OTT Review: Luckiest Girl Alive

Going OTT with reels


Sushmita Bose

Published: Thu 13 Oct 2022, 10:03 PM

Luckiest Girl Alive, based on Jessica Knoll’s 2015 novel of the same name, was bandied as one of the big-ticket releases on Netflix this year. One reason was, of course, the #MeToo movement: this one is predicated right in its groove, though it takes a while to unfold. The fact that it takes a while to unfold was another feather in its promotional cap: Luckiest Girl Alive sets out to be some sort of a ‘psychological’ thriller, along the lines of Gone Girl, and you rub your hands in glee thinking this is going to be some twisted femme drama. In a way, you are kind of taken down the garden path before the real thing hits you. (The third reason why it was bandied around as a big-ticket release is that it is the delectable Mila Kunis’ Netflix debut — but maybe that would be stretching a point.)

Ani (Kunis) is sharp as a tack, and seems to be at the right place at the right time. She’s living the life most women can only dream of. A perfect socio-economic setting. Engaged to a man who doesn’t just have money but “come from it”. Everything around her is pedigreed — even the kitchen knives they are picking up to set up home after their upcoming nuptials. Ani does a ‘journalistic’ job that gives her mind a deluded sense of intellectual ambience even though she probably secretly hates doing it.

Soon enough you realise that everything she “stands for” is actually fake. As she reveals later, she’s conditioned herself to give people what they want to hear, what they want to see.

Okay, clearly, there’s something going on with her, and with the wedding preparations acting as a kind of trigger (though it’s not really explained why), the script soon devolves into a back and forth of incidents that occurred a good 16-17 years ago. Somewhere the past and present collide (again, not done in a particularly organic manner), and there’s a complete turnaround in the tonality.

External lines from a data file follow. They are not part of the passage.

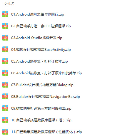 1、系统架构部分:主要有Android源码阅读设计模式分析,以及第三方框架源码分析,自己手动一步步搭建仿内涵段子项目的整体框架……
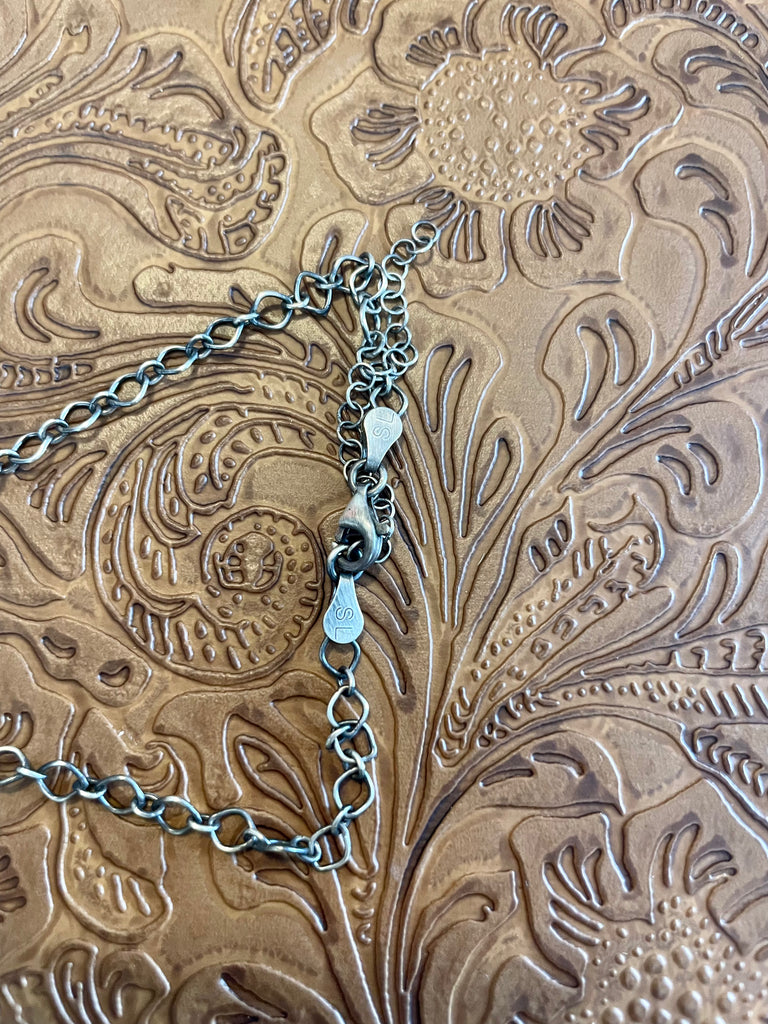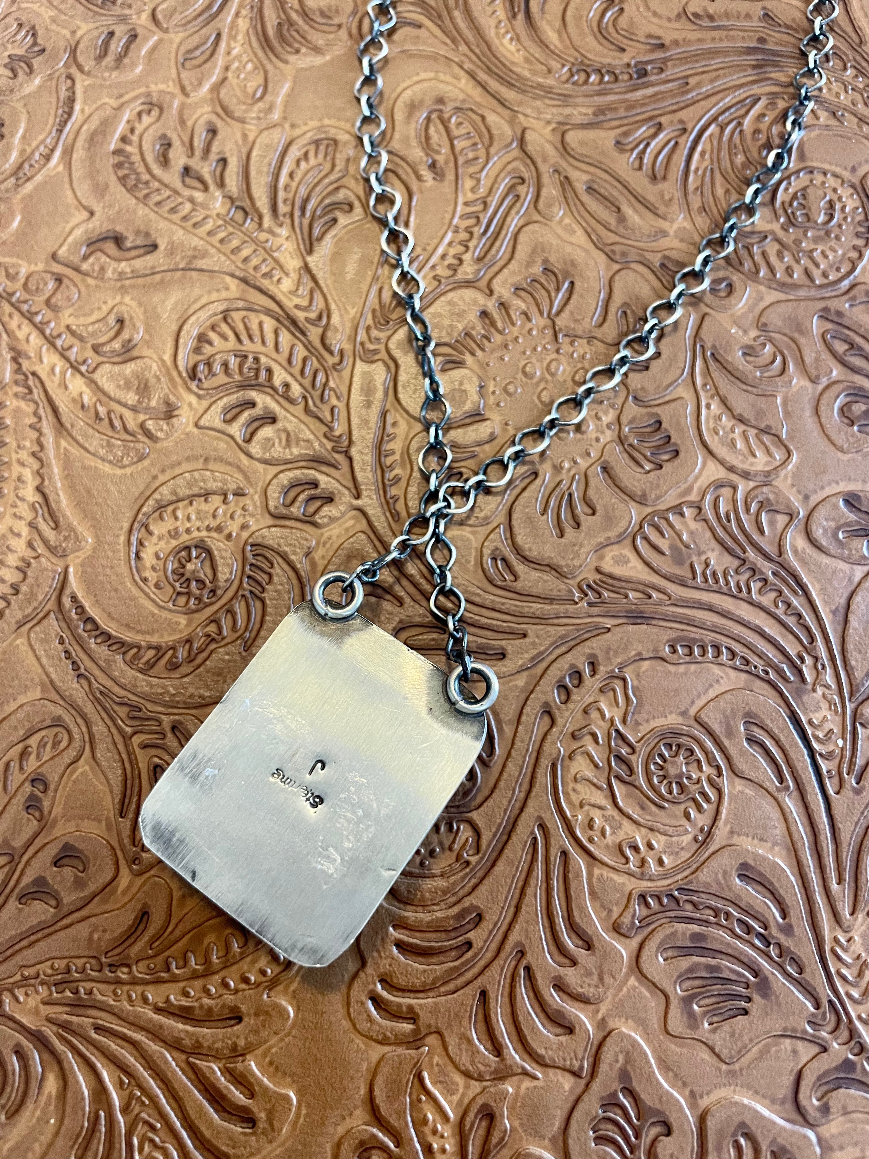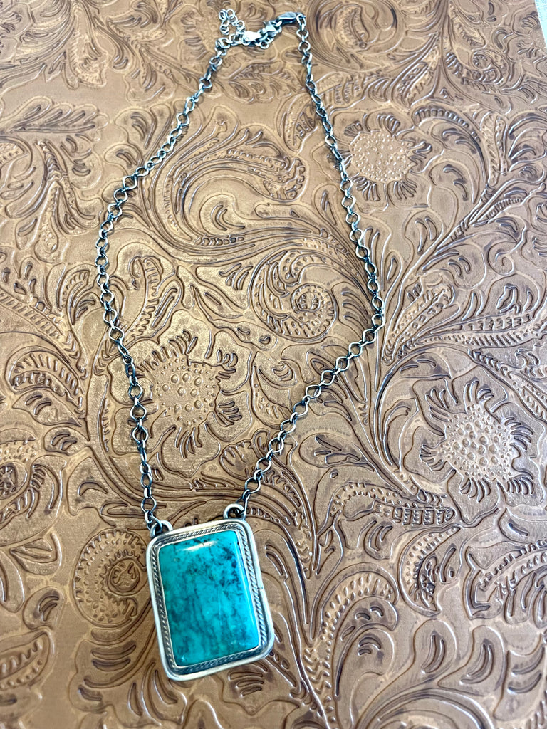 What a beautiful necklace this Navajo Sterling Silver and Tibetan Turquoise Necklace is! Necklace is 18 inches long with an additional 1 1/4 for the Tibetan Turquoise pendant. Necklace is adjustable in length. Signed & Stamped.
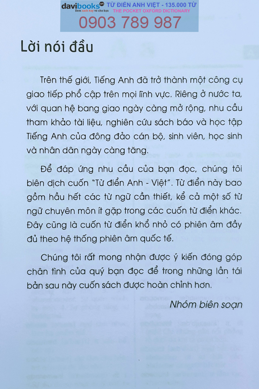 Để giúp cho việc học tiếng Anh - một ngôn ngữ phổ biến và thông dụng nhất hiện nay. sớm đạt được kết quả mong muốn, chúng tôi đã tổ chức biên soạn khá công phu, với tất cả năng lực và trách nhiệm của mình để hán hạnh gửi đến quý độc giả một cuốn từ điển đáp ứng tương đối đầy đủ nhất những yêu cầu trong việc học tập, tra cứu, dịch thuật...
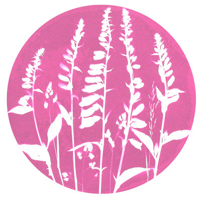 In honour of 'Open Studio Pink' - (the magenta used on the Open Studios logo and literature) I've given on of my cyanotype cards a make-over via the marvel that is Photoshop. The foxgloves seemed the ideal subject for this shade of deep pink.

To my mind, where the movie stands out is in the portrayal of the characters. The matter-of-factness of them. Nobody is a ‘conventional’ victim. Most of the dramatis personae is flawed, with attributes that border on being excessive; in earlier times, the narrative would spew a line to the effect of “so-and-so had it coming”.

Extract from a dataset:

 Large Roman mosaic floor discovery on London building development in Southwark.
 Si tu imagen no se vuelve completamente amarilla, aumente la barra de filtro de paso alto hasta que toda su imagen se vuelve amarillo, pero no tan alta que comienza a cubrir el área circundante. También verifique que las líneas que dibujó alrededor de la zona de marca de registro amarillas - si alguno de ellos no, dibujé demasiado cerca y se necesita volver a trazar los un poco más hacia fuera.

The other interesting angle which I will try to play spoiler is: does a perpetrator deserve to be “exposed” even if he (or she, as the case may be) has atoned in other ways and has suffered terribly? Again, earlier, this would have been called ‘just deserts’ or poetic justice and that would have considered commensurate punishment. But not in this case. The original sin needs its own form of absolution, which is perhaps the biggest dilemma that Luckiest Girl Alive tries to unbox.